Honestly, this was the first time that I published in Polymer Chemistry. Many of our earlier work was very much related to physical chemistry, engineering, analytics and physics of polymers and I did not consider our work as being pure polymer chemistry. Nevertheless, I was very much impressed by the rise of this journal, in which many of my friends and colleagues are deeply involved. I also find the topics that are covered extremely interesting, especially the strong focus on controlled radical polymerisation, I am a loyal reader of this beautiful journal. Within this context, I find it amusing that my first paper in Polymer Chemistry is not related to controlled radical polymerisation at all, but we present a new way of forming modular polycyclic structures via step-growth, which we had never used before. In any case, I found this topic to be exactly in scope of Polymer Chemistry, which made it easy for me to chose it for this publication.
In which upcoming conferences may our readers meet you?
As I will shortly become dean of our faculty for the next two years, I cannot make exact plans for the near future but you can always meet my students and colleagues from my group at different conferences world-wide presenting our work. A group of my students, for instance will present our results in the field of nano-composite materials at the Fourth International Conference on Multifunctional, Hybrid and Nanomaterials in Sitges, Spain, 9 – 13 March 2015.
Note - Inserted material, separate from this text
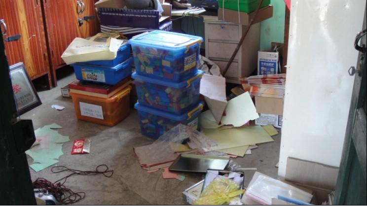 经过四个小时滴水滴米不进的拼搏,终于理顺了,整理出很多有用的资料和教具,收获不小。而且,此间整理完之后,中间约有2x2m的空地,可以当做备用办公室或者临时排练场(记者站或者广播站的)。
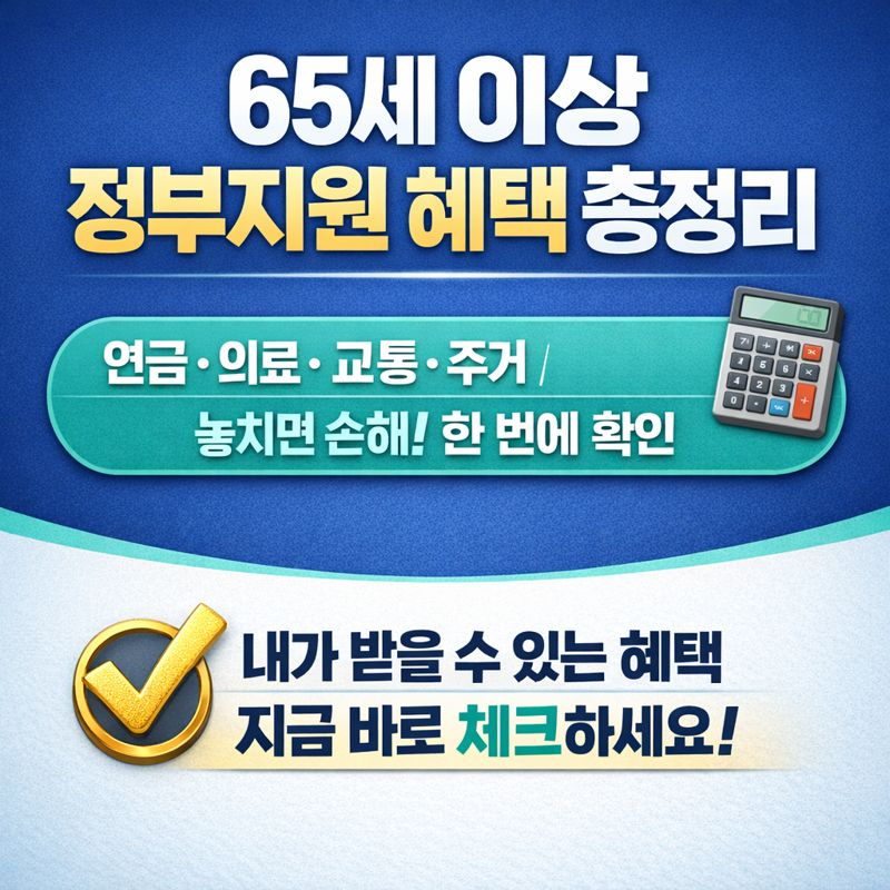 이 글에서는 65세 이상 정부지원 혜택을 연금·의료·교통·주거·생활비 영역으로 나눠 어디서 확인하고, 무엇부터 챙기면 좋은지까지 쉽게 정리했습니다.

How do you spend your spare time?
I have a family with four small children and my wife and I are both work full days. This means that most of my time outside of the university is spent taking care of my children and organising daily life, which I very much enjoy. There is consequently not much time left for personal hobbies in the moment, but the time with my family gives me strength for my scientific endeavours as it clears my mind and wipes away old thoughts making room for new ideas.
Which profession would you choose if you were not a scientist?
Actually, I am very pleased with my job and enjoy most of my time being a Professor of Macromolecular Chemistry. The second best choice for me would have been an architect. I always loved making construction designs and graphics and I would love to design buildings from scratch. In a way, this would be similar to what I am doing now, but aiming at much larger structures. As an architect of molecules, however I am also very happy, although I haven’t found any inhabitants for our little macromolecular constructions yet!
Titin-mimicking polycyclic polymers with shape regeneration and healing properties
Jan-Hendrik Schuetz, Peng Wentao and Philipp Vana
Polycyclic polymers based on cyclic (ABC)n-multiblock-copolymers are formed via stepwise polymerisation of three individual blocks and exploiting the ring merging reaction of these ring polymers. The so-obtained precursor ring-polymers were interconnected via click reaction. Small blocks within the rings with the ability to form self-complementary hydrogen bonds lead to intra- and intermolecular links between polycyclic polymers. The obtained materials, which mimic nature’s paragon Titin, have some extraordinary material properties concerning elasticity and energy dissipation.
Cyrille Boyer is a guest web-writer for Polymer Chemistry. He is currently an Associate Professor and an ARC-Future Fellow in the School of Chemical Engineering, University of New South Wales (Australia) and deputy director of the Australian Centre for NanoMedicine.